* [WHAT YOU HAVE TO DO]
Print the lines that start the entries and continue through the one holding "Vliesová tapeta s", please, exactly and with the pictures omitted.

* [DATA FOR THIS TASK]
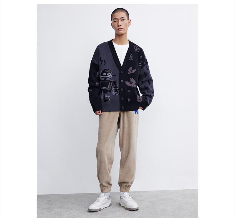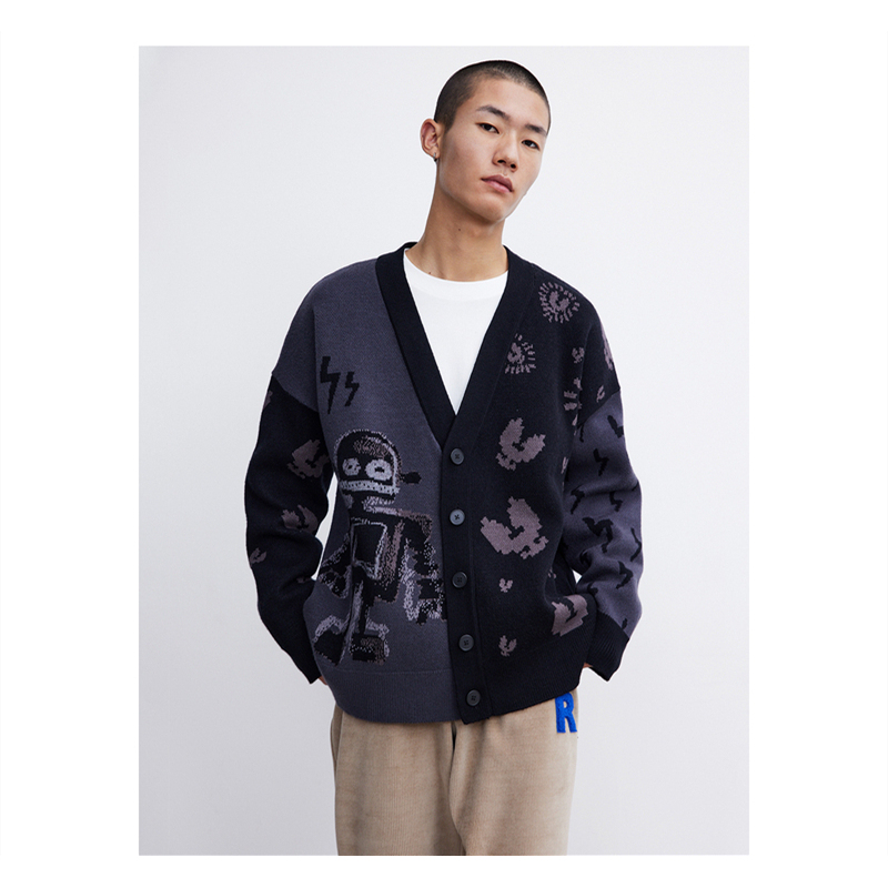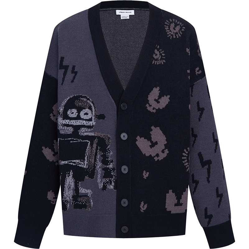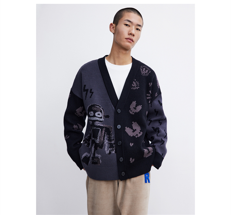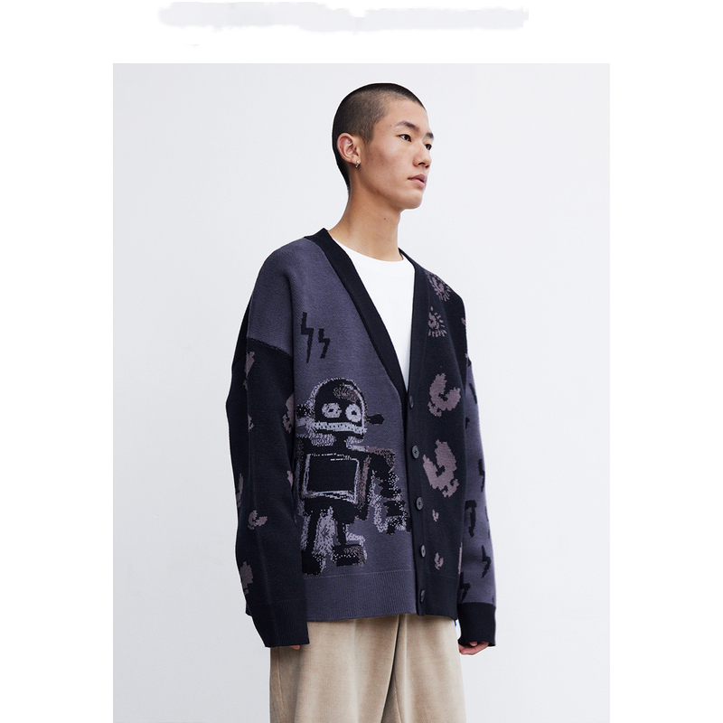 Men's Trendy Funny Robot Jacquard Sweater Knit Jacket
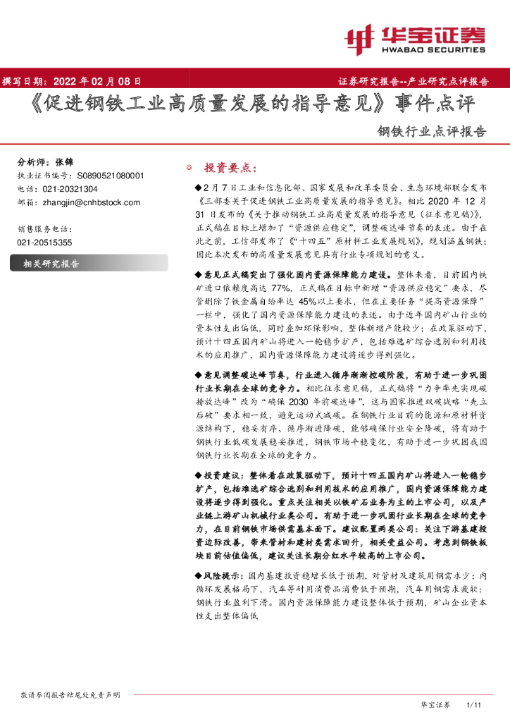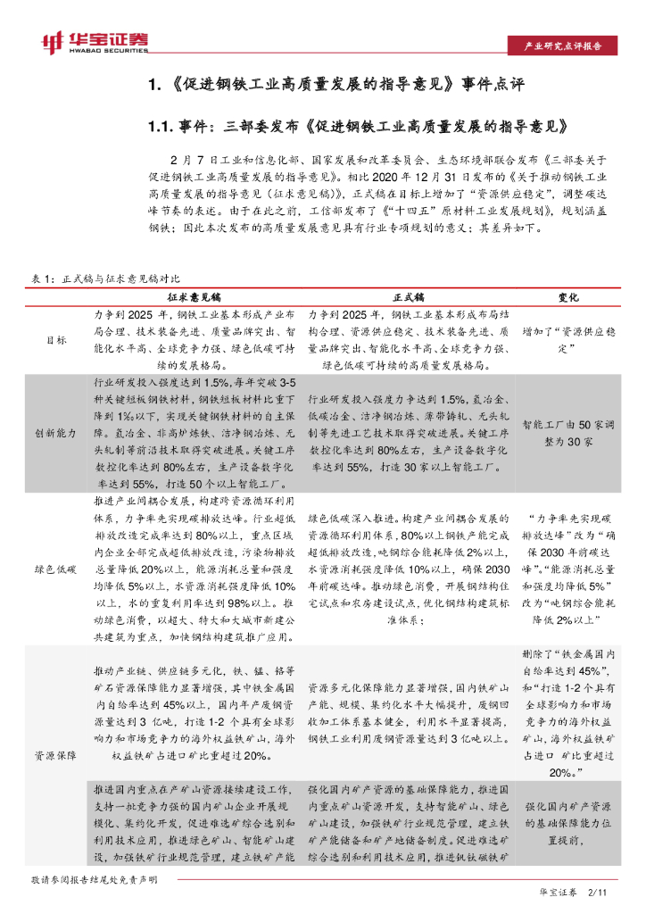 华宝证券:钢铁行业点评报告:《促进钢铁工业高质量发展的指导意见》事件点评.pdf
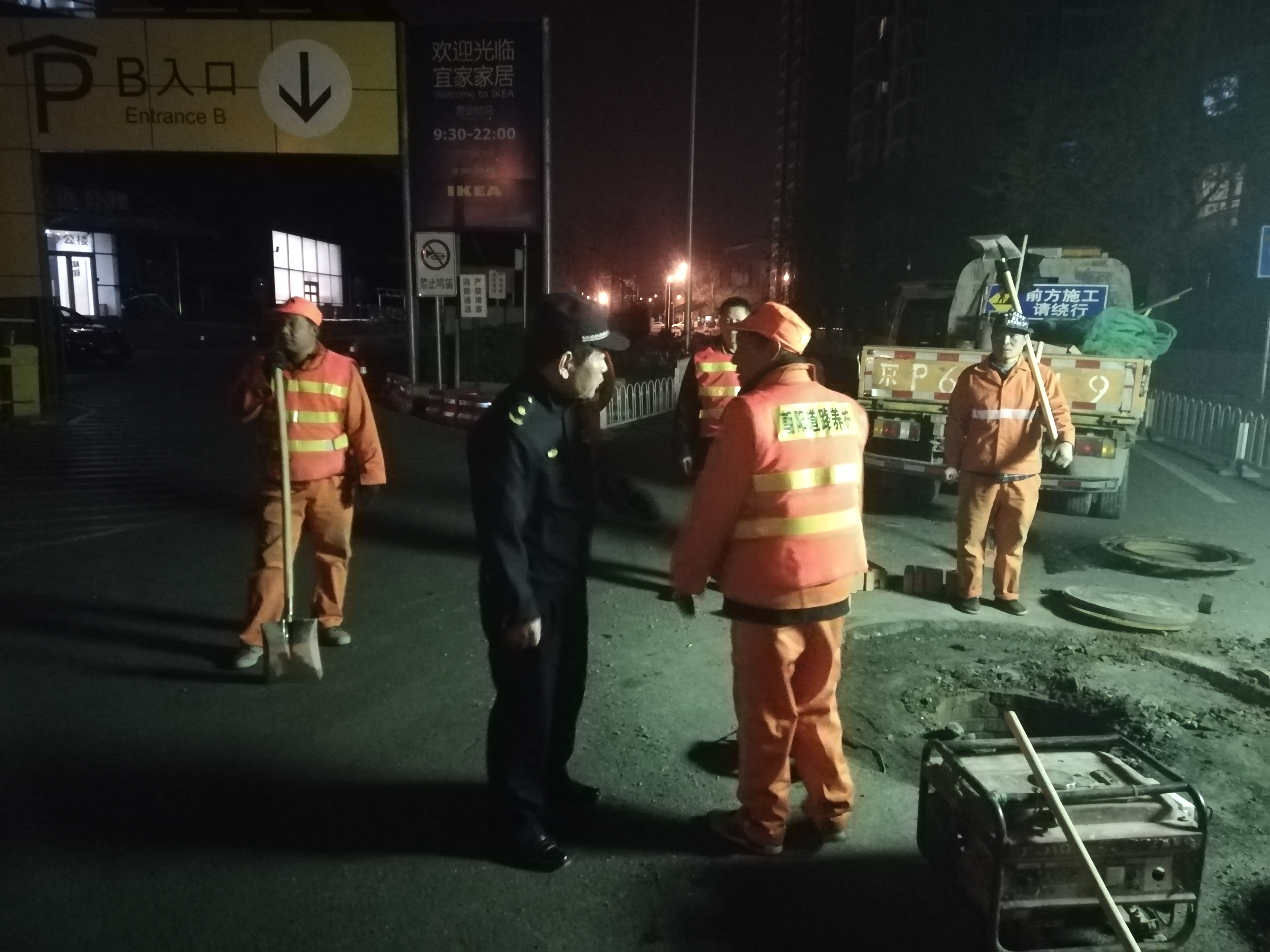 望京执法队对群众举报的宜家家居东侧夜间施工行为进行执法检查
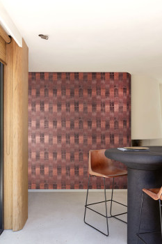 Vliesová tapeta s výraznou textilní strukturou a vertikálními pruhy v odstínech černé, oranžové, červené a hnědé barvy.
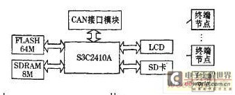 基于S3C2410A扩展了CAN接口模块、sD卡等,CPU采用$3C2410A微处理器作为整个系统的控制核心。S3C2410A是基于ARM920内核开发的32位RISC微处理器,集成了丰富的外围功能模块,如以太网接121,便于低成本设计嵌入式应用系统。S3C2410A主要功能就是通过控制以太网接口芯片CS8900A及CAN通信接口芯片MCP2510的工作,实现CAN通信协议与以太网通信协议的转换,使远端用户借助浏览器经由Intemet对现场设备实施远程监控。

* [COMPLETED EXERCISE]
 Men's Trendy Funny Robot Jacquard Sweater Knit Jacket
 华宝证券:钢铁行业点评报告:《促进钢铁工业高质量发展的指导意见》事件点评.pdf
 望京执法队对群众举报的宜家家居东侧夜间施工行为进行执法检查
 Vliesová tapeta s výraznou textilní strukturou a vertikálními pruhy v odstínech černé, oranžové, červené a hnědé barvy.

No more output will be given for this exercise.